BEGIN RECORDS FOR THIS TASK

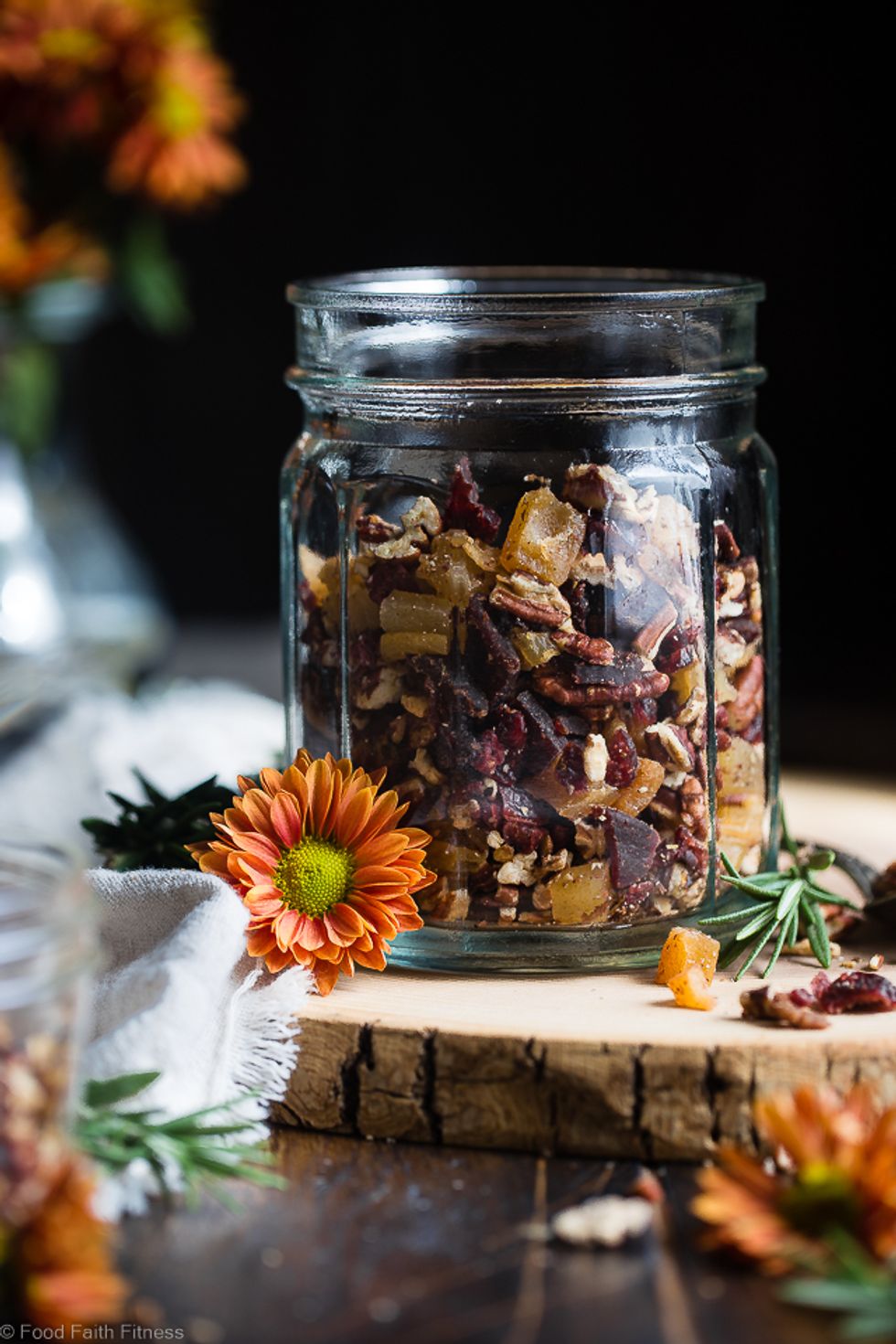 This quick and easy, protein-packed fall trail mix recipe only uses 6 ingredients! It’s a healthy gluten, grain and dairy free portable snack!
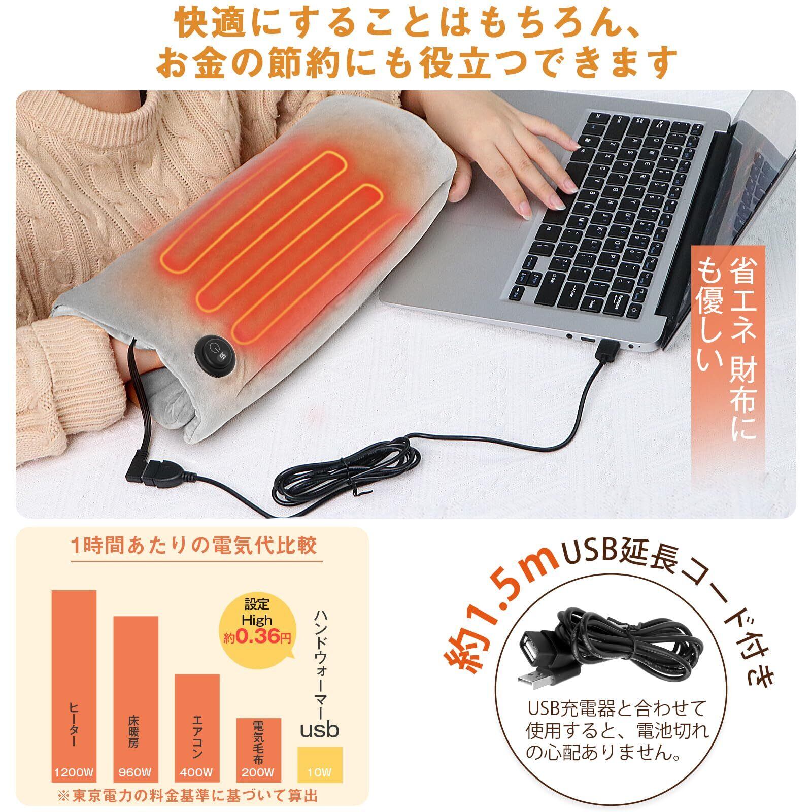 しっかりと暖める一方で、エネルギーの無駄を省く省エネ設計です。お湯を使わずに済むため、手軽さと経済性を両立させています。さらに、USB延長コードが付いているので、好きな場所での使用が可能です。
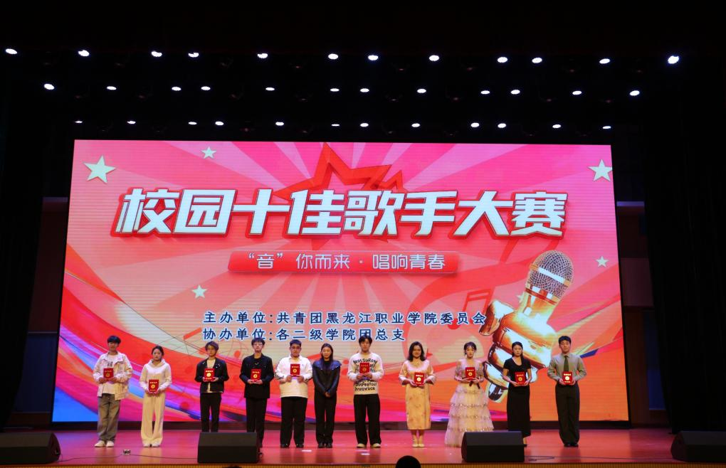 最终,经过激烈角逐,数字商贸学院刘宇航、建筑工程学院马誉晏、旅游人文学院冯楚格、数字商贸学院陈美琳、旅游人文学院陈俊安、智能制造技术学院李明璇、建筑工程学院张天錡、旅游人文学院崔诗雨、智能制造技术学院于春瑶、智能制造技术学院宋泽,获得“校园十佳歌手”荣誉称号。魏然为获奖选手颁奖。
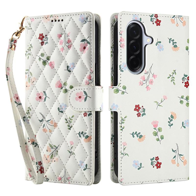 Rombisk blomsterlommebok-etui for Samsung Galaxy A57 - med stropp og kortspor
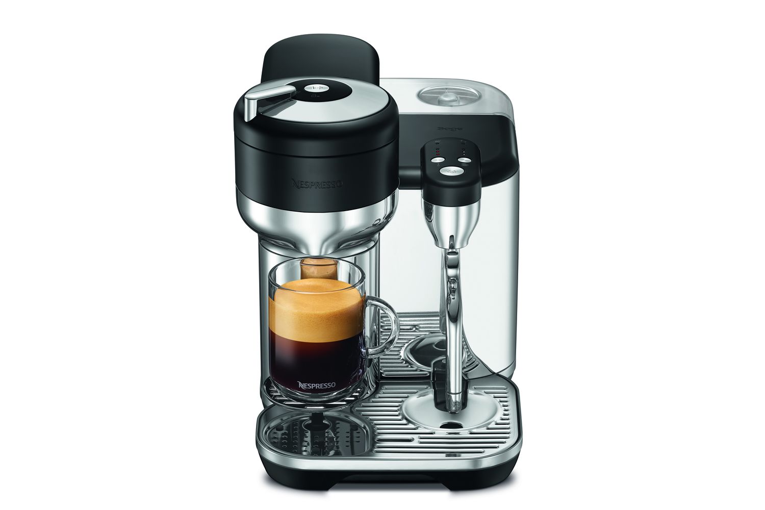 From our Aeroccino3 black milk frother, your coffee maker's perfect sidekick, to the convenient travel mug brewing function, it's these considerate measures that sets our product apart. Polishing off with a small cup support seamlessly integrating into the drip tray when inconspicuous, the Sage the Vertuo Creatista is a stylish addition to your kitchen decor.

END RECORDS FOR THIS TASK

YOUR OBJECTIVE:
Could you write out, word for word, the lines from the one containing "しっかりと暖める一方で、エネ" through the last line of the records, leaving out the pictures?

EXPECTED ANSWER:
 しっかりと暖める一方で、エネルギーの無駄を省く省エネ設計です。お湯を使わずに済むため、手軽さと経済性を両立させています。さらに、USB延長コードが付いているので、好きな場所での使用が可能です。
 最终,经过激烈角逐,数字商贸学院刘宇航、建筑工程学院马誉晏、旅游人文学院冯楚格、数字商贸学院陈美琳、旅游人文学院陈俊安、智能制造技术学院李明璇、建筑工程学院张天錡、旅游人文学院崔诗雨、智能制造技术学院于春瑶、智能制造技术学院宋泽,获得“校园十佳歌手”荣誉称号。魏然为获奖选手颁奖。
 Rombisk blomsterlommebok-etui for Samsung Galaxy A57 - med stropp og kortspor
 From our Aeroccino3 black milk frother, your coffee maker's perfect sidekick, to the convenient travel mug brewing function, it's these considerate measures that sets our product apart. Polishing off with a small cup support seamlessly integrating into the drip tray when inconspicuous, the Sage the Vertuo Creatista is a stylish addition to your kitchen decor.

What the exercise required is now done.